# What you are asked to do:
An exact copy of the lines from the top of the data through the line with "Deze ronde, zwarte" is what you should give, with no pictures in it.

# Data shown:
*** Begin section ***
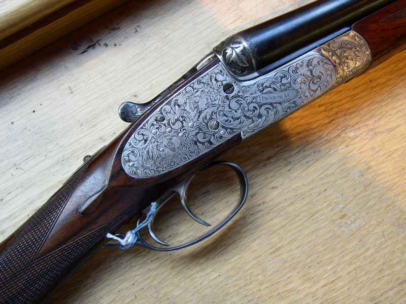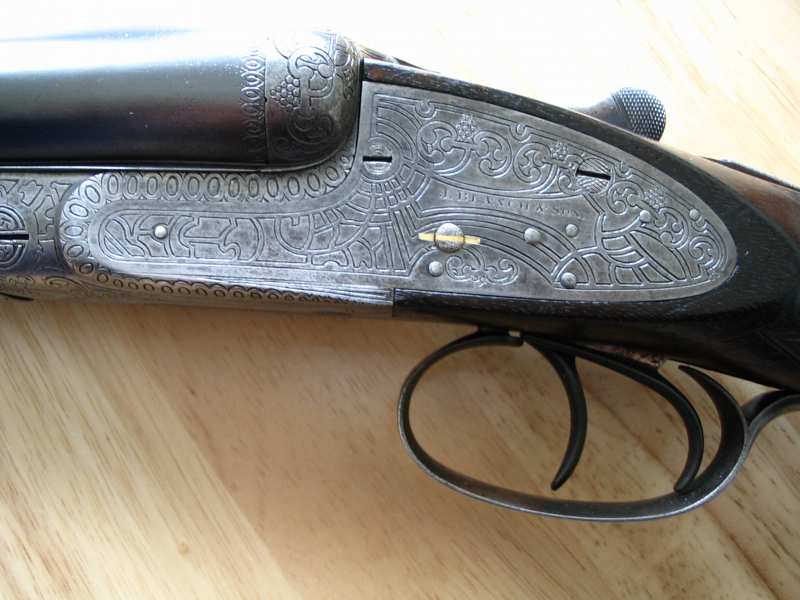 | 6685 | Photo | 12b Bar Action. 28" sleeved steel barrels. 'Whitworth Steel' and 'Centennial Model' on top rib. Patent 1212/44 on right action flat. 'J Blanch & Son Improved Snap Bolt' forend catch. Through front lump. | 1910 | 100% Bold Foliate Scroll | Figured SH 15 15/16" Entended with wood. | 6lb 11 1/2oz | Fine gun, possible Kell engraved. |
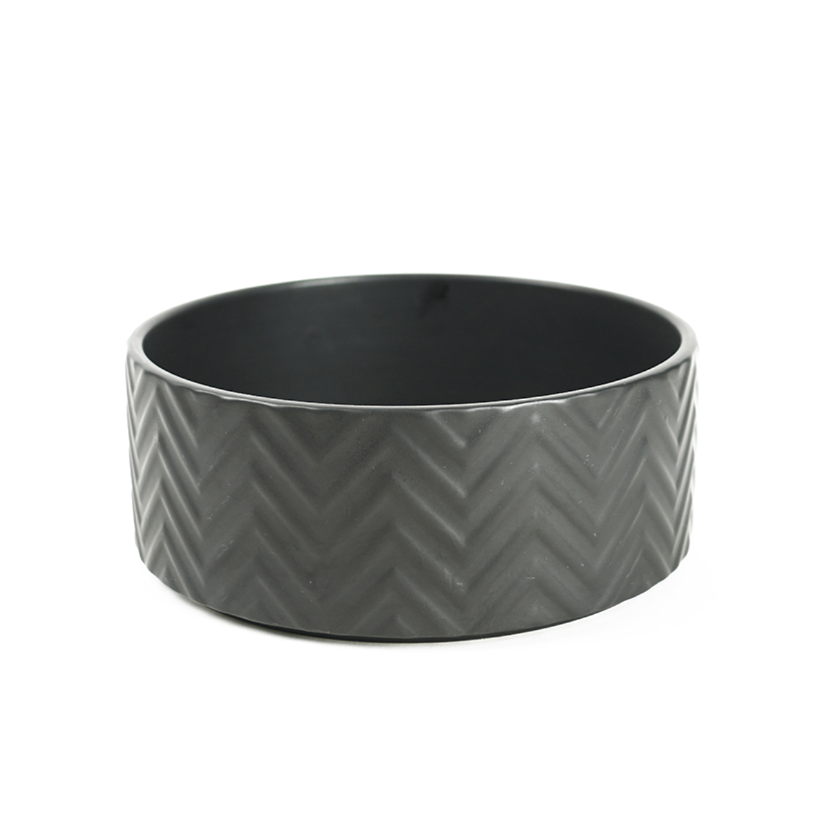 Deze ronde, zwarte voer- en drinkbak heeft een modern ribbel-mozaïek design. De voerbak is zwaar, waardoor jouw konijn hem niet zo makkelijk omgooit.
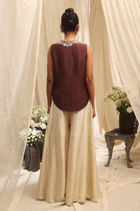 Ivory and brown waistcoat featuring intricate floral embroidery. Paired with a matching sharara made from linen satin and taffeta.
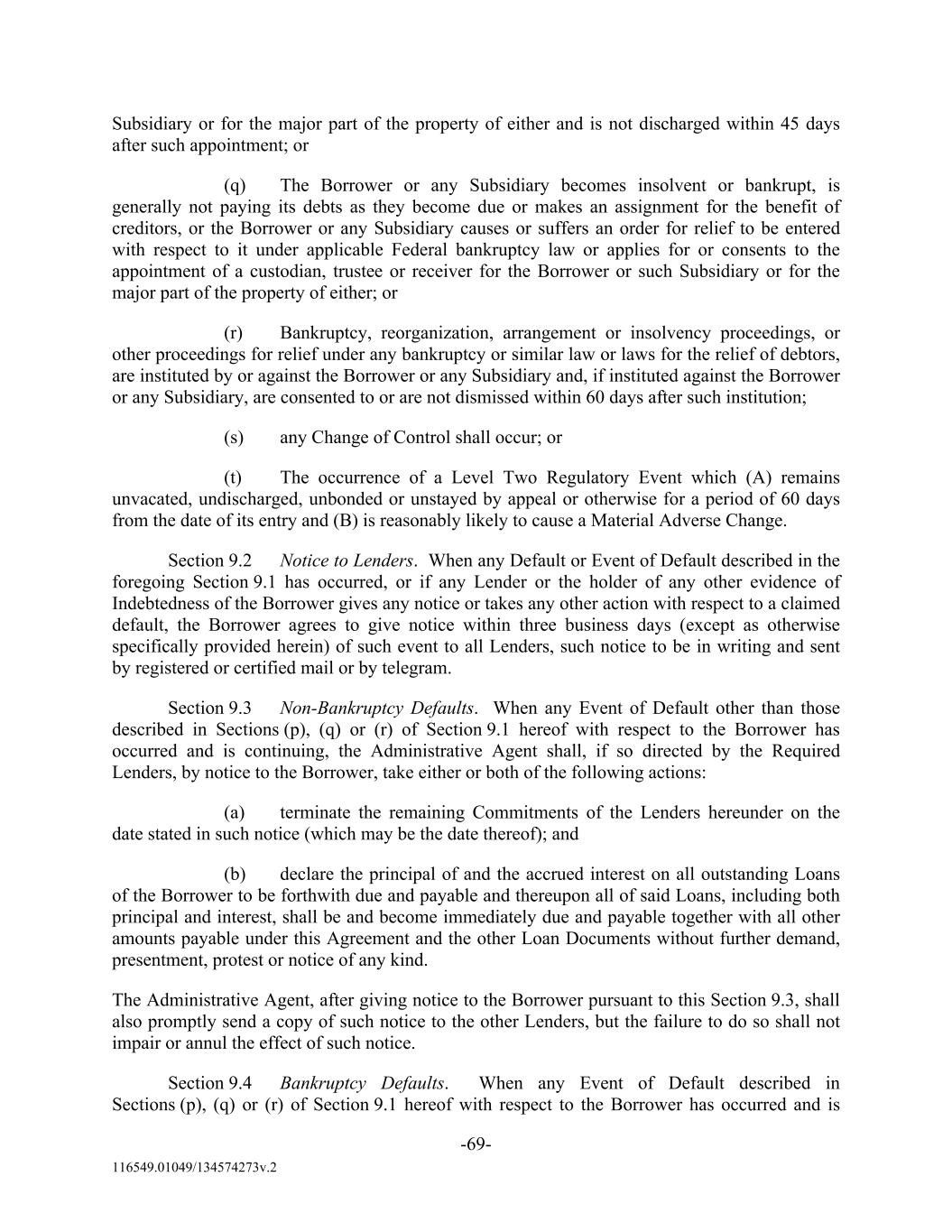 -69- 116549.01049/134574273v.2 Subsidiary or for the major part of the property of either and is not discharged within 45 days after such appointment; or (q) The Borrower or any Subsidiary becomes insolvent or bankrupt, is generally not paying its debts as they become due or makes an assignment for the benefit of creditors, or the Borrower or any Subsidiary causes or suffers an order for relief to be entered with respect to it under applicable Federal bankruptcy law or applies for or consents to the appointment of a custodian, trustee or receiver for the Borrower or such Subsidiary or for the major part of the property of either; or (r) Bankruptcy, reorganization, arrangement or insolvency proceedings, or other proceedings for relief under any bankruptcy or similar law or laws for the relief of debtors, are instituted by or against the Borrower or any Subsidiary and, if instituted against the Borrower or any Subsidiary, are consented to or are not dismissed within 60 days after such institution; (s) any Change of Control shall occur; or (t) The occurrence of a Level Two Regulatory Event which (A) remains unvacated, undischarged, unbonded or unstayed by appeal or otherwise for a period of 60 days from the date of its entry and (B) is reasonably likely to cause a Material Adverse Change. Section 9.2 Notice to Lenders. When any Default or Event of Default described in the foregoing Section 9.1 has occurred, or if any Lender or the holder of any other evidence of Indebtedness of the Borrower gives any notice or takes any other action with respect to a claimed default, the Borrower agrees to give notice within three business days (except as otherwise specifically provided herein) of such event to all Lenders, such notice to be in writing and sent by registered or certified mail or by telegram. Section 9.3 Non-Bankruptcy Defaults. When any Event of Default other than those described in Sections (p), (q) or (r) of Section 9.1 hereof with respect to the Borrower has occurred and is continuing, the Administrative Agent shall, if so directed by the Required Lenders, by notice to the Borrower, take either or both of the following actions: (a) terminate the remaining Commitments of the Lenders hereunder on the date stated in such notice (which may be the date thereof); and (b) declare the principal of and the accrued interest on all outstanding Loans of the Borrower to be forthwith due and payable and thereupon all of said Loans, including both principal and interest, shall be and become immediately due and payable together with all other amounts payable under this Agreement and the other Loan Documents without further demand, presentment, protest or notice of any kind. The Administrative Agent, after giving notice to the Borrower pursuant to this Section 9.3, shall also promptly send a copy of such notice to the other Lenders, but the failure to do so shall not impair or annul the effect of such notice. Section 9.4 Bankruptcy Defaults. When any Event of Default described in Sections (p), (q) or (r) of Section 9.1 hereof with respect to the Borrower has occurred and is
*** End section ***
# Finished exercise:
 | 6685 | Photo | 12b Bar Action. 28" sleeved steel barrels. 'Whitworth Steel' and 'Centennial Model' on top rib. Patent 1212/44 on right action flat. 'J Blanch & Son Improved Snap Bolt' forend catch. Through front lump. | 1910 | 100% Bold Foliate Scroll | Figured SH 15 15/16" Entended with wood. | 6lb 11 1/2oz | Fine gun, possible Kell engraved. |
 Deze ronde, zwarte voer- en drinkbak heeft een modern ribbel-mozaïek design. De voerbak is zwaar, waardoor jouw konijn hem niet zo makkelijk omgooit.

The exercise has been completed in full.